Given data Start Marker
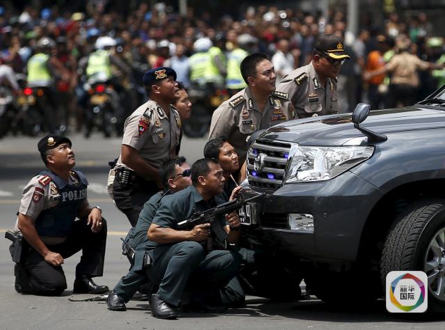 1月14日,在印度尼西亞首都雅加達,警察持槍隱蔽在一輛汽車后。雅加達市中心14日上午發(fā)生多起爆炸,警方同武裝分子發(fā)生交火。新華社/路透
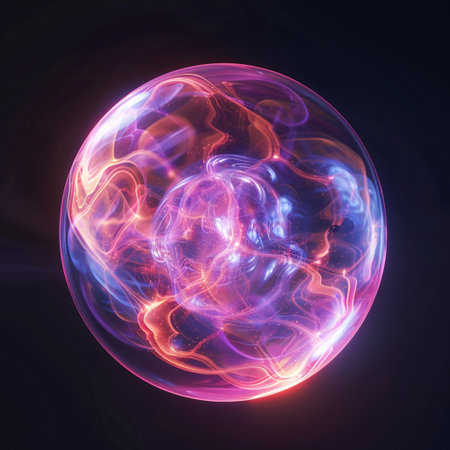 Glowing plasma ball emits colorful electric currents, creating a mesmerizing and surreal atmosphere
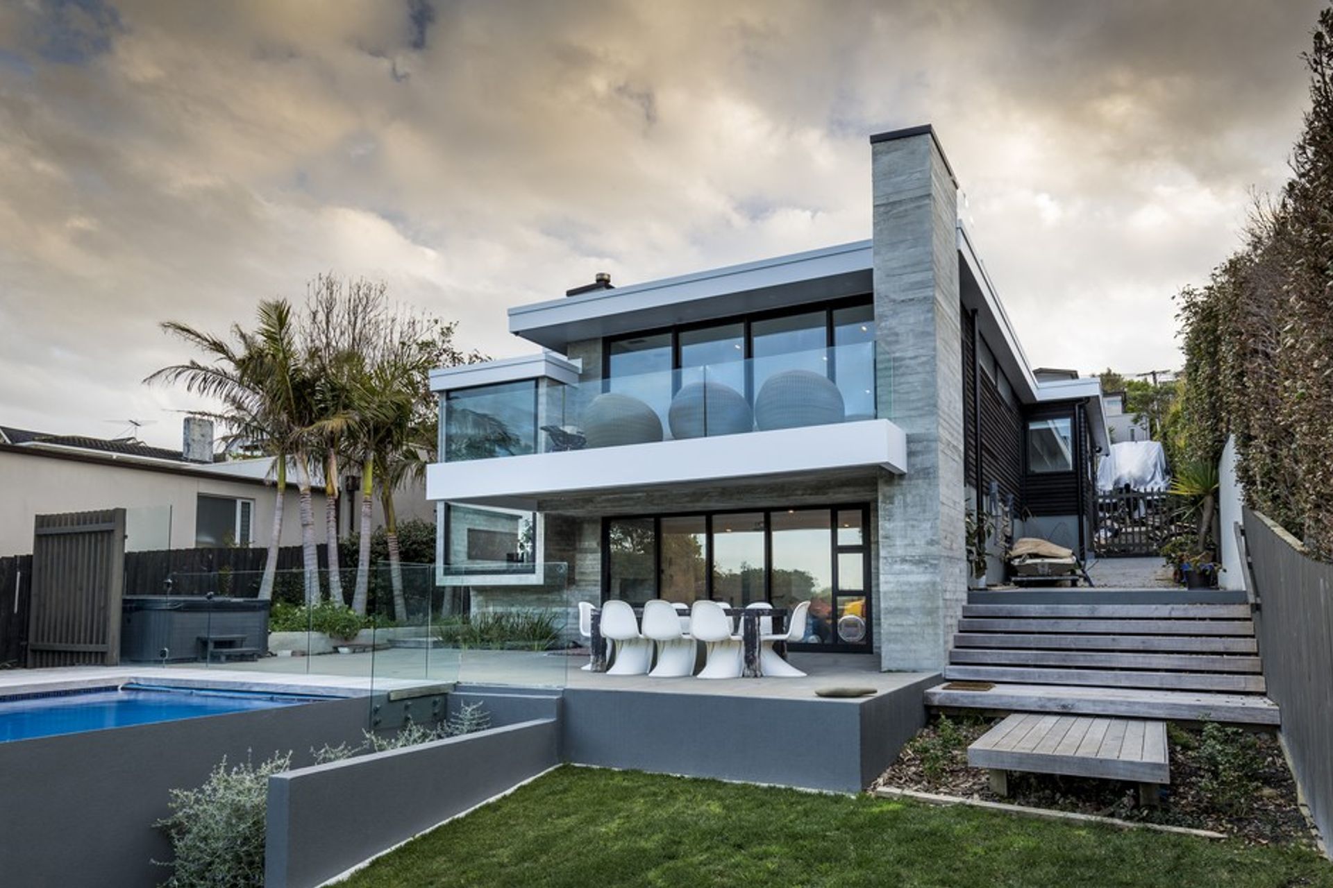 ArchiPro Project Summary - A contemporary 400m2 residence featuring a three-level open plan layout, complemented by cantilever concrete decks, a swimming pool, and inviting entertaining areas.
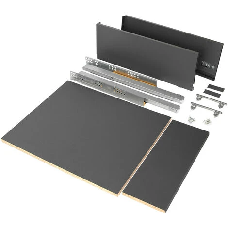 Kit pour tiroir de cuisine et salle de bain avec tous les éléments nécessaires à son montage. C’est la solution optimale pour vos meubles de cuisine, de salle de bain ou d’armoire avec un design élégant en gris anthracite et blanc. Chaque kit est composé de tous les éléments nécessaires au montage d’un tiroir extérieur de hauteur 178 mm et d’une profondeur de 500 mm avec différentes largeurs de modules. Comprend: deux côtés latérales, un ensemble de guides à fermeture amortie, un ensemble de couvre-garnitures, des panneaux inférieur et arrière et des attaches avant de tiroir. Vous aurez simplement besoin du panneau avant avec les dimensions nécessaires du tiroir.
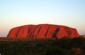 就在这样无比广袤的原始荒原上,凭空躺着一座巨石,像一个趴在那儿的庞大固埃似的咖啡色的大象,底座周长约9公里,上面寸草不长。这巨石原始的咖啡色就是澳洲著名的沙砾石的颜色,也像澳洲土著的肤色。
Given data End Marker
Please return the material above only from the line that holds "ArchiPro Project Summary" through the line that holds "Kit pour tiroir", exactly as it stands, ends included and pictures omitted.

 ArchiPro Project Summary - A contemporary 400m2 residence featuring a three-level open plan layout, complemented by cantilever concrete decks, a swimming pool, and inviting entertaining areas.
 Kit pour tiroir de cuisine et salle de bain avec tous les éléments nécessaires à son montage. C’est la solution optimale pour vos meubles de cuisine, de salle de bain ou d’armoire avec un design élégant en gris anthracite et blanc. Chaque kit est composé de tous les éléments nécessaires au montage d’un tiroir extérieur de hauteur 178 mm et d’une profondeur de 500 mm avec différentes largeurs de modules. Comprend: deux côtés latérales, un ensemble de guides à fermeture amortie, un ensemble de couvre-garnitures, des panneaux inférieur et arrière et des attaches avant de tiroir. Vous aurez simplement besoin du panneau avant avec les dimensions nécessaires du tiroir.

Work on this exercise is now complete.